Aucun d’eux ne considérait d’un bon œil les ambitions de Valois ni ne souhaitait non plus que le duc de Bourgogne se mêlât des affaires de la couronne. Ils admiraient la rapidité avec laquelle le jeune prince avait agi et ils plaçaient en lui leurs espoirs.
Poitiers écrivit à Eudes de Bourgogne et à Charles de Valois, sans mentionner leurs lettres et comme s’il ne les avait pas reçues, afin de les informer qu’il se considérait régent par droit naturel et qu’il réunirait l’assemblée des pairs, afin de sanctionner cette situation, aussitôt qu’il lui serait possible.
En même temps, il désignait des commissaires pour aller dans les principaux centres du royaume prendre possession du commandement en son nom.
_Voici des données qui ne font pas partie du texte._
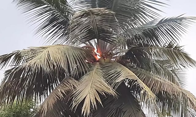பண்ருட்டி அருகே உள்ள புதுப்பேட்டை பகுதியில் நேற்று மாலை இடி மின்னலுடன் மழை பெய்தது. இதில் பொன்னங்குப்பம் கிராமத்தில் ஆண்கள், பெண்கள் என 10-க்கும் மேற்பட்ட தொழிலாளாகள் விவசாய வேலையில் ஈடுபட்டிருந்தனர். அப்போது திடீரெ மின்னல் தாக்கியதில் அருகில் நின்ற தென்னை மரம் தீப்பிடித்து எரிந்தது.

Ainsi partirent, dans la journée, plusieurs de ses chevaliers, comme Regnault de Lor, Thomas de Marfontaine et Guillaume Courteheuse. Il garda auprès de lui Anseau de Joinville, le fils du vieux sénéchal, et Henry de Sully.
Tandis que le glas sonnait à tous les clochers, Philippe de Poitiers conféra seul à seul avec Gaucher de Châtillon. Par droit, le connétable de France siégeait à toutes les assemblées du gouvernement, Chambre des Pairs, Grand Conseil, Conseil étroit. Philippe demanda donc à Gaucher de se rendre à Paris pour le représenter et s’opposer jusqu’à sa propre arrivée aux entreprises de Charles de Valois, le connétable d’autre part, s’assurerait d’avoir bien en main les troupes à solde de la capitale, et particulièrement le corps des arbalétriers.
Car le nouveau régent, à la surprise d’abord, puis à l’approbation de ses conseillers, avait résolu de demeurer provisoirement à Lyon.
— Nous ne devons pas nous détourner des tâches en cours, déclara-t-il. Le plus important pour le royaume est d’avoir un pape, et nous serons d’autant plus forts quand nous l’aurons fait.
Et il pressa la signature du contrat de fiançailles entre sa fille et le dauphiniet. L’affaire, à première vue, n’avait aucun rapport avec l’élection pontificale. Mais pour Philippe l’alliance avec le dauphin de Viennois qui régnait sur tous les territoires au sud de Lyon, était une pièce de son jeu. Les cardinaux, s’il leur prenait désir de lui échapper, ne pourraient pas se réfugier de ce côté-là, il leur coupait la route d’Italie. En outre, ces fiançailles consolidaient sa position de régent, le dauphin se rangeait dans son camp.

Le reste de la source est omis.